In mobile radio transmission/reception devices, the hardware architecture takes on an important role, since it influences critical parameters such as power consumption and data processing speed to a great extent. Modem mobile radio transceivers always comprise a microprocessor, usually a digital signal processor (DSP), which plays a central role in data processing tasks, such as equalization and channel decoding.
In principle, it is possible for all of the equalization of the received data to be performed solely using a DSP operated with appropriate software. However, this solution, which is the easiest imaginable in terms of hardware architecture, has a series of drawbacks. In particular, it is necessary to use very powerful and hence expensive DSPs in order to ensure the required signal processing speed. Furthermore, such DSPs have a power consumption which is unacceptably high for mobile stations.
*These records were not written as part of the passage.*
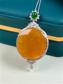 18K白金钻石镶黄翡圆牌
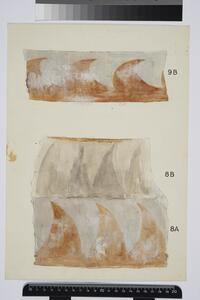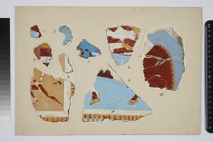 Watercolour drawing of fresco fragments displaying women, specifically their dresses, from the Ramp House. The individual fragments are numbered (8-10, 23-25). This is the final version from which MYC 4/01 & MYC 4/06 were printed. Individual fragments are also included as MYC 3/2/03 & MYC 3/2/04.
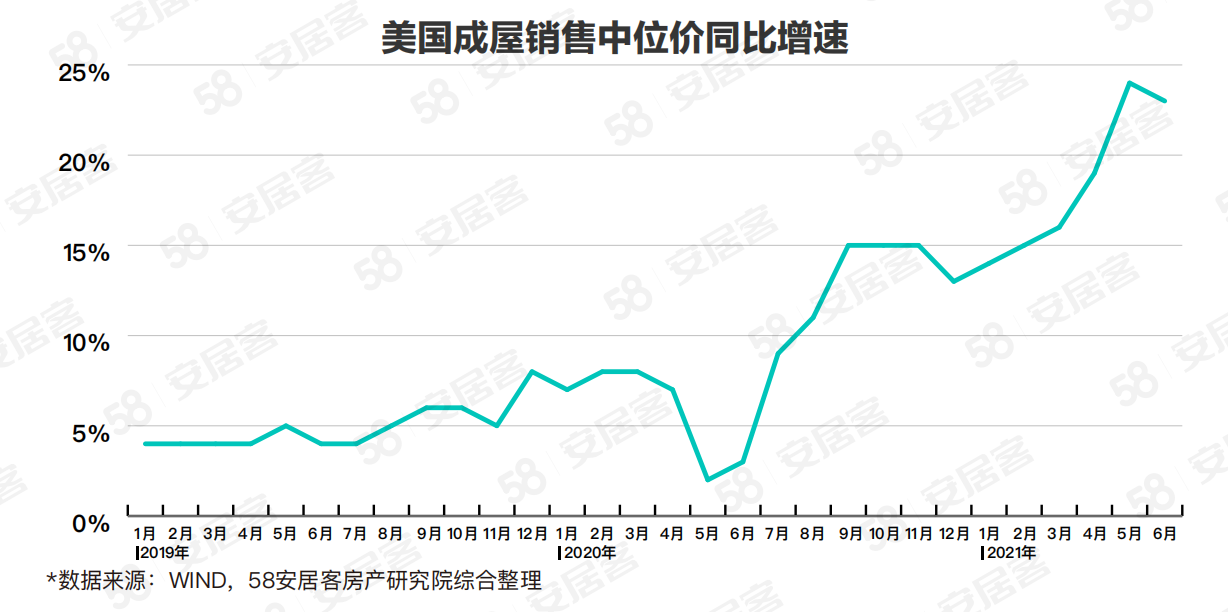 6月美國成屋銷售中位價為36.33萬美元,環(huán)比增長3.68%,同比增長23.4%。去年5月至今,成屋銷售中位價的同比漲幅從1.91%不斷攀升至當前的23.4%,增速顯著。新屋及成屋價格增速依然堅挺,但當前增速和高點相比已有回落,或許意味著拐點初現(xiàn)。

To reduce the power consumption and the MIPS (Million Instructions Per Second) load in the microprocessor or DSP, processor or DSP tasks are transferred to specific hardware peripherals. By way of example, it is already known practice to provide support for the execution of the ACD (Add Compare Select) step in Viterbi equalization or Viterbi decoding using suitable hardware data paths. These calculate particular, ever recurrent computation tasks and thus relieve the burden on the DSP. One drawback, however, is that the use of such hardware peripherals greatly restricts the flexibility of the data processing. The attendant difficulties become more acute in higher generation mobile radio systems, which require flexible service and data administration management.
In data processor technology, it is generally known practice to provide support for user programmable processors by providing task-specific coprocessors. The coprocessor undertakes the execution of complicated operations which would be a great burden on the processor. The best known types are arithmetic coprocessors for performing the four basic types of computation and possibly transcendental functions, and also graphics coprocessors. In this case, data interchange between the processor and the coprocessor takes place via a coprocessor interface.
European patent specification EP 0 789 882 B1 describes a multimedia processor architecture in which a user programmable processor has a plurality of task-specific processors with a high power density connected in parallel with it. The task-specific processors are either nonprogrammable or have a low level of programmability, i.e. their behavior can be altered by prescribing parameters. The low level of programmability allows these processors to be used in respective different algorithms, where the same basic functions are performed, but with different parameter values. Parameter values for a particular algorithm are typically updated—i.e. the task-specific processor is configured—at a much lower speed than the data processing speed. Parameters can be reloaded using a separate bus.